| EXERCISE BRIEF |
Print the data verbatim. Leave every image out.

| COLLECTED MATERIAL |

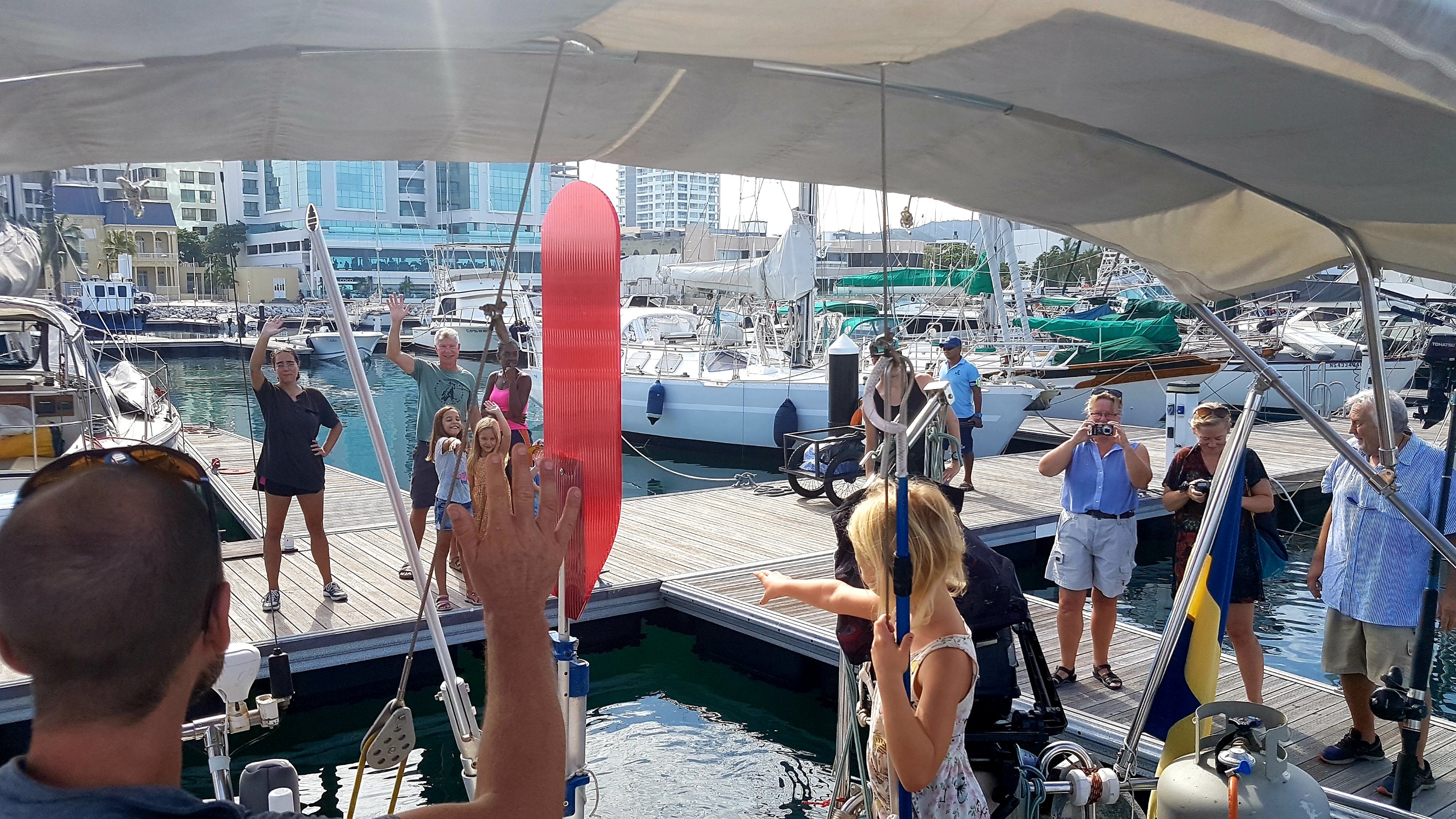 Nu stod vi på bryggan och tårarna rann när vi återigen skulle säga hejdå till fina vänner och familj. Vi hade haft turen att träffa Blue Pearl och Tryst igen i Santa Martas marina men här visste vi med säkerhet att vi tog olika vägar framöver. Anders familj hade varit på besök hos oss i ett par veckor och det var sorgligt och märkligt att vinka av dem vid bryggan i Colombia. Tyvärr missade vi vänbåten Zouterik med bara ett par dagar och det kändes riktigt tungt för både oss vuxna och barnen. Men vi hade ett bra väderfönster som vi inte kunde missa och vi kände oss redo för nästa etapp, överfarten till Kuba!
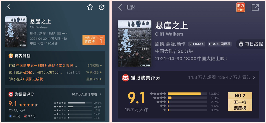 《悬崖之上》在淘票票猫眼和上评分9.1分。来源:灯塔、猫眼专业版APP
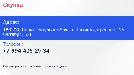 Скупка по адресу 188300, Ленинградская область, Гатчина, проспект 25 Октября, 52Б в дальнейшем Организация, размещена в следующих категориях:

| TASK RESULT |
 Nu stod vi på bryggan och tårarna rann när vi återigen skulle säga hejdå till fina vänner och familj. Vi hade haft turen att träffa Blue Pearl och Tryst igen i Santa Martas marina men här visste vi med säkerhet att vi tog olika vägar framöver. Anders familj hade varit på besök hos oss i ett par veckor och det var sorgligt och märkligt att vinka av dem vid bryggan i Colombia. Tyvärr missade vi vänbåten Zouterik med bara ett par dagar och det kändes riktigt tungt för både oss vuxna och barnen. Men vi hade ett bra väderfönster som vi inte kunde missa och vi kände oss redo för nästa etapp, överfarten till Kuba!
 《悬崖之上》在淘票票猫眼和上评分9.1分。来源:灯塔、猫眼专业版APP
 Скупка по адресу 188300, Ленинградская область, Гатчина, проспект 25 Октября, 52Б в дальнейшем Организация, размещена в следующих категориях:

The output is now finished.